Documentation

Elysium is the central HPC Cluster at the Ruhr-Universität Bochum. See the overview of its resources.

To use Elysium, you need to

Please read about the basic concept of using Elysium first.

The login process combines SSH key-based authentication with web-based two-factor authentication.

After login, you can use available software modules or build your own software.

Read about submitting jobs and allocating resources in the SLURM section.

Subsections of Documentation

Basics

Elysium provides four login nodes: login1.elysium.hpc.rub.de, …, login4.elysium.hpc.rub.de. These are your entry points to the cluster.

After login, you typically use them to prepare your software and copy your data to the appropriate locations.

You can then allocate resources on the cluster using the Slurm workload manager.

After submitting your request, Slurm will grant you the resources as soon as they are free and your priority is higher than the priority of other jobs that might be waiting for some of the same resources.
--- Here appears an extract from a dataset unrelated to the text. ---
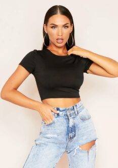 Areeta Black Cap Sleeve Smooth Cropped T-Shirt

Your priority depends on your waiting time and your remaining FairShare.

Login

Login to Elysium combines the common SSH key-based authentication with web-based two-factor authentication. You need to enable two-factor authentication for your RUB LoginID at rub.de/login.
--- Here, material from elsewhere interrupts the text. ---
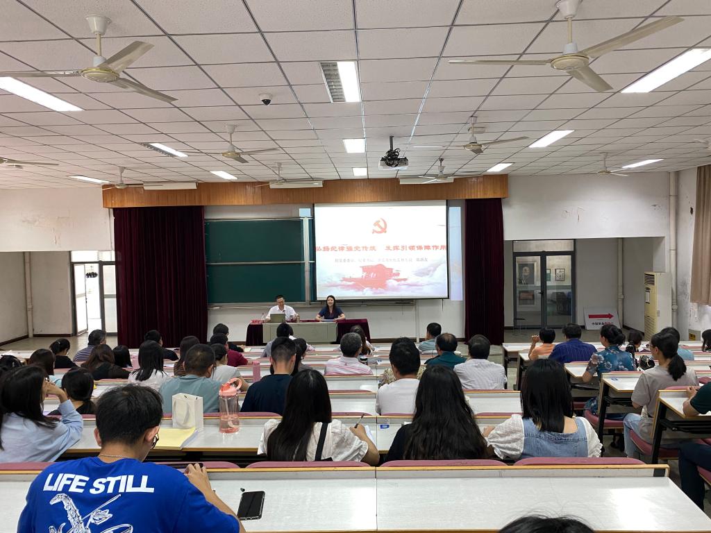 6月24日下午,а√中文在线资源库在7号楼报告厅开展党史学习教育。嘉兴学院党委委员、纪委书记、省监委驻嘉兴学院监察专员陈新友书记应邀讲授题为《弘扬纪律强党传统 发挥引领保障作用》的专题党课。学院党委书记战昕主持,学院党政班子成员、辅导员、师生党员80余人参与学习。

The additional web-based authentication is cached for 14 hours so that you typically only have to do it once per work day, per login node, and per IP address you connect from. After that, your normal key-based SSH workflow will work as expected.

Follow these steps:

  1. Start ssh with the correct private key, your RUB LoginID, and one of the four login hosts, e.g.
    ssh -i ~/.ssh/elysium LOGINID@login1.elysium.hpc.ruhr-uni-bochum.de.
    Available login nodes are login1 to login4. Login step 1: start ssh Login step 1: start ssh

  2. Open the URL in a browser (or scan the QR code with your smartphone) to start web-based two-factor authentication. Login step 2 part 1: start web-based authentication Login step 2 part 1: start web-based authentication

  3. Enter the second factor for two-factor authentication. Login step 2 part 2: web-based LoginID / password authentication Login step 2 part 2: web-based LoginID / password authentication

  4. After successful login, you get a four-digit verification code. Login step 2 part 3: get the verification code Login step 2 part 3: get the verification code

  5. Enter this code at your ssh prompt to finish login. Login step 3: verify the SSH session Login step 3: verify the SSH session

For the next 14 hours, only step 1 (classic key-based authentication) will be necessary on the chosen login node for the IP address you connected from.

Login will fail if:

  • You use the wrong private key (“Permission denied (publickey)”)
  • You are not member of an active HPC project (“Permission denied (publickey)”)
  • You did not enable two-factor authentication for your LoginID (“Two-factor authentication is required”)
  • Web-based login fails
  • You enter the wrong verification code (“Verification failed”)
  • A timeout happens between starting the SSH session and finalizing web-based login (“session_id not found”); just start the process again to get a new session ID.

Software

We provide a basic set of toolchains and some common libraries via modules.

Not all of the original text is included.